As coisas mudaram na década de 1980. Espelhando a fascinação masculina para as supostas virtudes liberadoras da “sexualidade”, parte do feminismo radical teve tendência a se centrar no poder e na violência da sexualidade, e a hipostaziar essa última, colocando-a como a principal causa da opressão (ou da libertação) das mulheres. Muito diferentemente, Guillaumin colocou claramente a sexualidade entre outras dimensões das relações sociais estruturais de sexo. Incluiu o que chamou a obrigação sexual entre as quatro expressões concretas da apropriação das mulheres, junto à apropriação do tempo, dos produtos do corpo, e à carga físicade otrxs membrxs do grupo (1992 1978). Em relação aos meios da apropriação, o constrangimento sexual é apenas um deles, junto com o mercado de trabalho, o confinamento no espaço, a demonstração de força (golpes) e a lei (tanto formal como consuetudinária). Para Guillaumin, a apropriação das mulheres pelos homens não é essencialmente sexual. Homens se apropriam não apenas do corpo sexualizado das mulheres, mas de forma muito mais global de seus corpos-como-máquina-de-(re)produção-de-força-de-trabalho, o que lhes permite acessar muito mais “serviços”.

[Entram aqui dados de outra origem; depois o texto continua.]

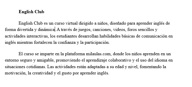 The English Learning Club is a virtual course designed to improve students’ English communication skills through interactive activities, collaborative learning, and practical language use. The course focuses on developing confidence, participation, and meaningful interaction in an online learning environment.
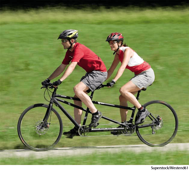 协力自行车:彼此排成纵行坐骑的两人用或多人用自行车
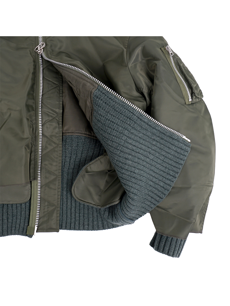 YOKE Connected Rib Knit Flight 不规则拼接军事风飞行夹克
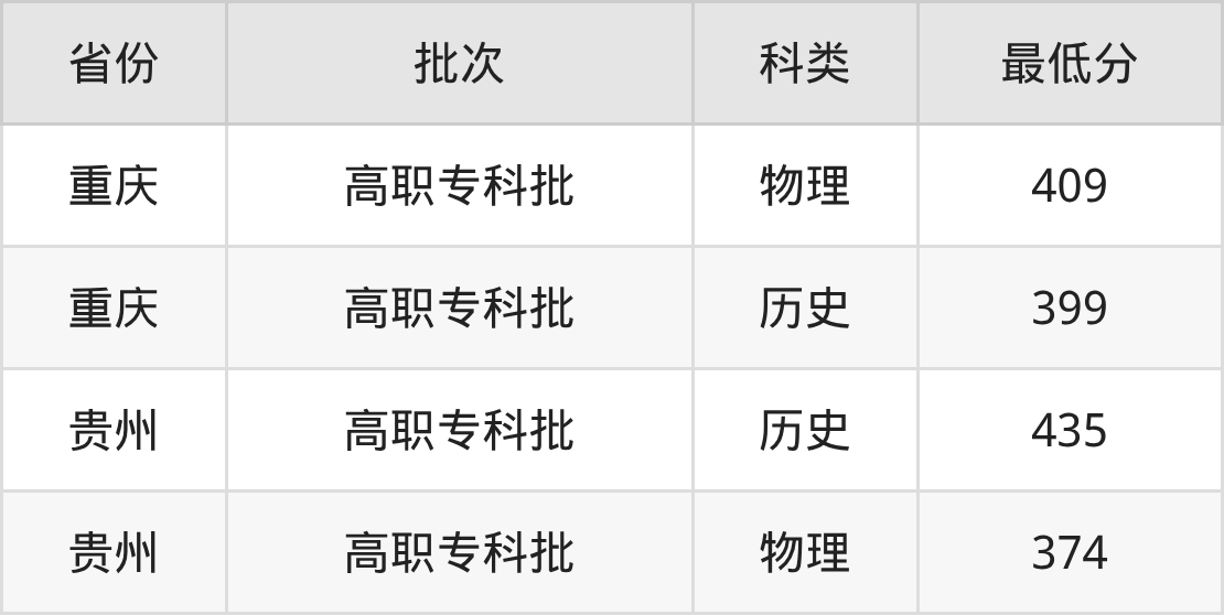 重庆公共运输职业学院铁道工程技术专业录取分数线从374分到435分不等,最低分数线如下:

E a Heterossexualidade criou a Mulher

Apoiando-se firmemente em Guillaumin, Wittig abriu o caminho para o lesbianismo materialista (2007 1980). Examinando as teorias sociais dominantes (especialmente Lacan e Lévi-Strauss), trouxe à luz um dos maiores axiomas inquestionados da cultura ocidental contemporânea: a ideologia da diferença sexual. Essa ideologia, que ela chamou de “pensamento straight ”, está baseada na asseveração arbitrária a jamais comprovada existência de uma “diferença sexual” absoluta e irredutível que separaria os dois sexos que naturalmente existiam. Wittig afirmou que era em realidade a heterossexualização quotidianamente imposta às mulheres que construía sua “alteridade”, cuja suposta naturalidade selava sua sorte como classe apropriada.
É importante compreender que Wittig analisou uma ideologia e um sistema político; não falava de práticas sexuais individuais. Essa que chamou lésbicas (cuja existência constitui uma refutação empírica da suposta naturalidade de ser mulher), não são homossexuais de sexo feminino (as que geralmente continuam trabalhando de diversas formas para a classe dos homens), mais do que seres humanxs que se recusam a se tornarem ou a se voltarem mulheres, no sentido de Guillaumin. O que elas recusam não é o coito nem o corpo masculino, e nem sequer relações interpessoais com homens. O que recusam é se ligarem a homens por relações sociais estruturais de apropriação, sejam privadas (em matrimônio ou na família paterna) ou coletivas (em conventos ou bordeis).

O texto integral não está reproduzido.